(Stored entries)

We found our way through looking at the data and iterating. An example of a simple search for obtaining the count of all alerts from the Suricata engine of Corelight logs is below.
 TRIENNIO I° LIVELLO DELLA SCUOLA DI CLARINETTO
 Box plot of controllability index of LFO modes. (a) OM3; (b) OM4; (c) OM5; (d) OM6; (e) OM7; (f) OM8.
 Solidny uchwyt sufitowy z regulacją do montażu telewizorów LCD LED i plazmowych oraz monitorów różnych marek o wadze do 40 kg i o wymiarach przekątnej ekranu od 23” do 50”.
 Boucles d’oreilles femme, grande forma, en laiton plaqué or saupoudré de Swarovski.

* * *

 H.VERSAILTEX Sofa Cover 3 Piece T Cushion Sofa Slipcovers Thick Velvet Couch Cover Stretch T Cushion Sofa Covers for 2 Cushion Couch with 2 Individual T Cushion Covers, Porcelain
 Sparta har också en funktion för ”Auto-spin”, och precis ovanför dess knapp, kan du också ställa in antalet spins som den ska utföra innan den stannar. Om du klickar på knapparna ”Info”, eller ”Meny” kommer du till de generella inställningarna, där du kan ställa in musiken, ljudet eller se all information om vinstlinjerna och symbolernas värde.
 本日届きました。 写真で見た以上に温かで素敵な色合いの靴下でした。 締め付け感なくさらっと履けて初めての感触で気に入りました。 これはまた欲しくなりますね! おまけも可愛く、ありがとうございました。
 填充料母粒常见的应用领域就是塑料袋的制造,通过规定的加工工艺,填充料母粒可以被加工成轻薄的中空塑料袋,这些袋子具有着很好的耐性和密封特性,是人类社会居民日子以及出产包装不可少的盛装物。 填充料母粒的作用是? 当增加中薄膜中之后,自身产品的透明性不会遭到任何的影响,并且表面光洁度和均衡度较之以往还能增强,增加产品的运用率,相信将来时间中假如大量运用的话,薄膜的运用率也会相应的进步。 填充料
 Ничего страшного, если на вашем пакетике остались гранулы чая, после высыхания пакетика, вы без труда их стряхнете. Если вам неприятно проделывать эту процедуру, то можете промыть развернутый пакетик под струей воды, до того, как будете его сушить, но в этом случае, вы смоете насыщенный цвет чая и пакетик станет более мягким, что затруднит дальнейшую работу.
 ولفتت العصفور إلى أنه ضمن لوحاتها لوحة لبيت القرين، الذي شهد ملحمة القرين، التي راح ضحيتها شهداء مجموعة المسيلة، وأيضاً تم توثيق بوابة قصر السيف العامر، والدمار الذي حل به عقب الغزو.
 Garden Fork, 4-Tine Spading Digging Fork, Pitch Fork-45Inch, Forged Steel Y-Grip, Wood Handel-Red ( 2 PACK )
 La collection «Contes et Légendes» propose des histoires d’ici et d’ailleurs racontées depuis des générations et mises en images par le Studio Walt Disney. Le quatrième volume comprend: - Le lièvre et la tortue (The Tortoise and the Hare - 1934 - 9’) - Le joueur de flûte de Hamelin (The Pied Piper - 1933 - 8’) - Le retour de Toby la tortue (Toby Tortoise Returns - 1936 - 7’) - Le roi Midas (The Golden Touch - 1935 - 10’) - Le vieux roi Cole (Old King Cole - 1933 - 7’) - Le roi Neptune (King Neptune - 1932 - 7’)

PROBLEM REQUIREMENTS —
Produce only the lines from the line containing "We found our" through the line containing "Box plot of", inclusive of both, exactly as they stand in the entries above.

SOLUTION FOR THIS PROBLEM —
We found our way through looking at the data and iterating. An example of a simple search for obtaining the count of all alerts from the Suricata engine of Corelight logs is below.
 TRIENNIO I° LIVELLO DELLA SCUOLA DI CLARINETTO
 Box plot of controllability index of LFO modes. (a) OM3; (b) OM4; (c) OM5; (d) OM6; (e) OM7; (f) OM8.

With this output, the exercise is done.